Citing “special” sources, Lebanon’s Al Mayadeen broadcaster reported Thursday that Damascus had reached an agreement with militants of the People’s Protection Units (YPG) to station troops in Afrin with the aim of countering Turkish military attacks.
Russia’s Sputnik news agency also quoted a source familiar with the situation as saying that Syrian forces would enter the flashpoint region within “the next few days.”
“The agreement has been reached on the deployment of the Syrian Armed Forces at the Syrian-Turkish border in Afrin in the north of Aleppo in the next few days. The agreement was reached between the Syrian government and the Kurds,” the source said.
According to Sputnik, the US, a longtime supporter of the anti-Damascus Kurdish militants, has no knowledge of the deal.
Ankara views the YPG as a terror organization linked to the homegrown militants of the Kurdistan Workers’ Party (PKK), which has been fighting for autonomy on Turkish soil over the past decades.
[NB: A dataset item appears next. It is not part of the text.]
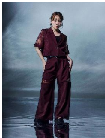
商品名：【ICY FEEL】サスツキポケットカーゴ 価格：17,930 円 カラー展開：パープル、ブラック サイズ：FREE

Angered by a Washington plan to set up a 30,000-strong Kurdish force at its doorstep, Turkey launched on January 19 the so-called Operation Olive Branch in northern Syria to cleanse those regions of the YPG, which forms the primary component of the so-called Syrian Democratic Forces (SDF).
Turkey has threatened to expand its military operation to the nearby Kurdish-controlled Syrian city of Manbij and beyond to the Iraqi border. It has also warned the US, its NATO ally, to halt its support for the Kurds or risk confronting Turkish forces on the ground in Syria.
In an exclusive report on February 11, Reuters said the Kurdish militants controlling Afrin are getting indirect assistance from Syrian government forces in the face Turkish assaults.
Kino Gabriel, the SDF spokesman, said the “fundamental route” to get reinforcements to Afrin is via government forces, adding, “There are understandings between the two forces … for the sake of delivering reinforcements.”
The developments come a few weeks after Kurdish authorities in the Afrin district appealed to the government of President Bashar al-Assad to send troops and help defend them against the Turkish incursion in line with protecting Syria’s sovereignty.
The Syrian government has given a degree of authority to the Kurdish regions to run their own affairs in the face of a foreign-backed militancy. The US, however, has used the vacuum to establish a foothold in those regions with the help of militants.
Assad has described US-sponsored Kurdish armed elements as “traitors” to the nation but has also denounced Turkish incursions as an act of aggression.